Она очнулась, когда небо за окном сделалось предрассветно-серым, и первое, что сделала — ощупала лицо. Оно больше не походило на подушку и не болело. Смогла. Хоть на что-то годна. С трудом поднялась. От растраченных ночью сил и всего пережитого тело не повиновалось, но надо, надо его, окаянное, заставить слушаться. Одеться, обуться и идти, куда следует.
Когда Лесана поднялась в Северную башню, уже совсем рассвело. Невыплаканные слезы жгли глаза, а горло будто сдавили в тисках — дыхание стало неровным и сиплым. Хотелось бить кулаками равнодушные стены, рассекая руки в кровь. Может, хоть так удастся заглушить боль, что рвет душу?
Только, бей — не бей, ничего уже не изменить. Сколько ни три себя мочалом, не соскоблить с тела грязь, которая — незримая — въелась в него намертво вместе со сводящим с ума страхом. Страхом, что сегодня или завтра мучитель выполнит свое обещание и вернется. И все повторится. Как каленым железом ставят на скотину тавро, так Донатос заклеймил выученицу ужасом. Клесх говорил — страх сковывает волю, убивает Дар. И вот теперь при одной только мысли о креффе колдунов сознание Лесаны замирало от слепой паники. Какой там Дар! Она бы даже убежать не смогла, явись он к ней снова.
Какой глупой и нелепой казалась теперь отчаянная выходка в лесу. Ох, пробудить бы в душе снова тот кипящий гнев, но нет — не получалось. Лишь всплывало в памяти лицо колдуна, не гнев — дикий страх поселялся в сердце, и билось оно с перебоями, не билось даже — колотилось и трепыхалось испуганно. Донатос мог бы ее больше и не бить. Под одним лишь взглядом холодных, лишенных выражения глаз, она бы сама скорчилась, скуля и подвывая.
Как Лесана теперь понимала Айлишу, которая ушла навсегда! Знать, и у нее случилось то, после чего жизнь становится мукой. Если встретятся в посмертии, расскажут, отчего одна со стены шагнула, а вторая удавиться решила. Может там, за неведомым рубежом, где нет Цитадели, креффов, Дара и Ходящих, они, наконец, поговорят.
А пока… пока руки сноровисто мастерят петлю из вожжей.

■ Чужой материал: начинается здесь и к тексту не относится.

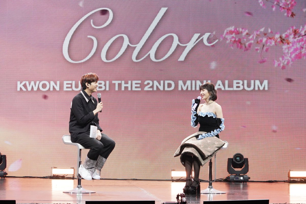 .@KWONEUNBI takes her music a step further with album "Color." "If I'd opened the doors to my soloist career with 'Open,' this time, I'm back more mature and colorful." Pictures show Eun-bi and comedian Yoo Jae-pil hosting the show. #KWONEUNBI #KWONEUNBI_Glitch

Хорошие вожжи, крепкие. Не порвутся.
Себя не жаль. Сама виновата, думала — нет никого сильней, забылась. Перед наставником стыдно. Но еще немного и будет все равно. Грязным и опоганенным не место среди живых.
Жаль мать с отцом. Но и у них теперь иные хлопоты. Старшая дочь — давно ломоть отрезанный, отвыкли от нее Остриковичи и потерю свою примут легче. Поплачут и перестанут.
Но вдруг, как наяву, Лесана увидела себя, болтающуюся на вервии. С обмоченными штанами, багровым лицом, вывалившимся языком. Представила, как будут вынимать ее из петли, матерясь, что еще одна дура без ума сгинула. И даже голос Клесха послышался: «Что ж ты, цветочек нежный… Говорил ведь, ты хоть и сильная, но девка».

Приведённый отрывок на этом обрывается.